The reason why people are buying Apple Silicon today is because the unified memory allows them to run larger models that are cost prohibitive to run otherwise (usually requiring Nvidia server GPUs). It would be much more interesting to see benchmarks for things like Qwen3.5-122B-A10B, GLM-5, or any dense model is the 20b+ range. Thanks.

LuxBennu · 2026-03-11T13:18:00 1773235080

Agreed. The real value proposition of Apple Silicon for local inference is running models that won't fit on consumer GPUs. I run Qwen 70B 4-bit on an M2 Max 96GB through llama.cpp and it's usable — not fast, but the unified memory means it actually loads. Would be interested to see MetalRT benchmarks at that scale, since the architectural advantages (fused kernels, reduced dispatch overhead) should matter more as models get memory-bandwidth-bound.

sanchitmonga22 · 2026-03-11T15:02:13 1773241333

Fair criticism. Our benchmarks are on small models because MetalRT was built for the voice pipeline use case, where decode latency on 0.6B-4B models is the bottleneck.

You're right that the bigger opportunity on Apple Silicon is large models that don't fit on consumer GPUs. Expanding MetalRT to 7B, 14B, 32B+ is on the roadmap. The architectural advantages(that MetalRT has) should matter even more at that scale where everything becomes memory-bandwidth-bound.

We'll publish benchmarks on larger models as we add support.

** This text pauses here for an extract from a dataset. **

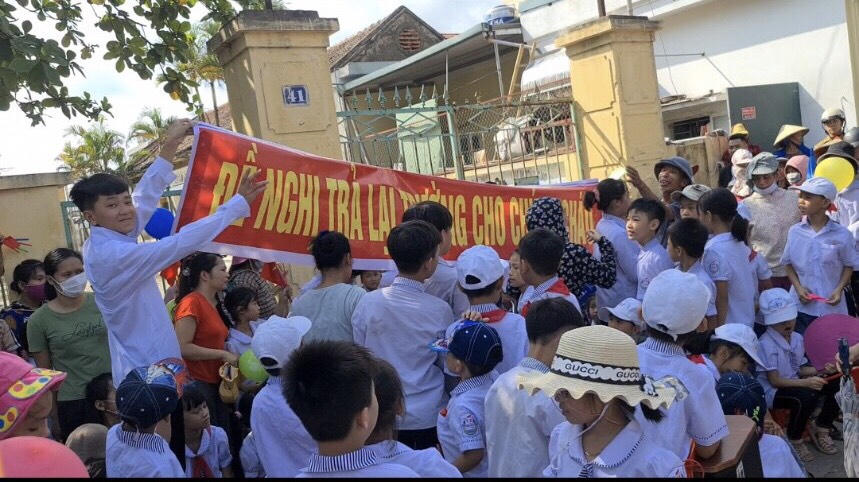 Trong khi cả nước đang tổ chức lễ khai giảng năm học mới, thì phụ huynh và các em học sinh trường Tiểu học Kim Đồng lại phải “đấu tranh” để lấy lại nơi học tập. |

If you have a specific model/size you'd want to see first, that helps us prioritize.

shubham2802 · 2026-03-10T20:37:20 1773175040

Sorry about that but this is what is being there in github : Apple M3 or later required. MetalRT uses Metal 3.1 GPU features available on M3, M3 Pro, M3 Max, M4, and later chips. M1/M2 support is coming soon. On M1/M2, RCLI automatically falls back to the open-source llama.cpp engine.

shubham2802 · 2026-03-10T20:07:00 1773173220

Just need some few days to have our catalog of models out soon!!

shubham2802 · 2026-03-10T20:02:16 1773172936

Please open the issue - if it's not working ? I believe you should be able to install it via : curl -fsSL https://raw.githubusercontent.com/RunanywhereAI/RCLI/main/in... | bash

harvenstar · 2026-03-10T21:47:10 1773179230

Cool project — been looking for something like this. Just opened a PR with a couple of new macOS actions (empty_trash + toggle_do_not_disturb). Happy to contribute more and quick chat if you're open to it.

shubham2802 · 2026-03-11T00:20:30 1773188430

Will look into it. Yes, would love to chat

shubham2802 · 2026-03-10T20:00:46 1773172846

Updating the readme asap - but thanks for the feedback. Also, please checkout few things : https://www.runanywhere.ai/blog/metalrt-speech-fastest-stt-t... https://www.runanywhere.ai/blog/metalrt-fastest-llm-decode-e...

shubham2802 · 2026-03-10T17:40:36 1773164436

Fully local - no data is collected!!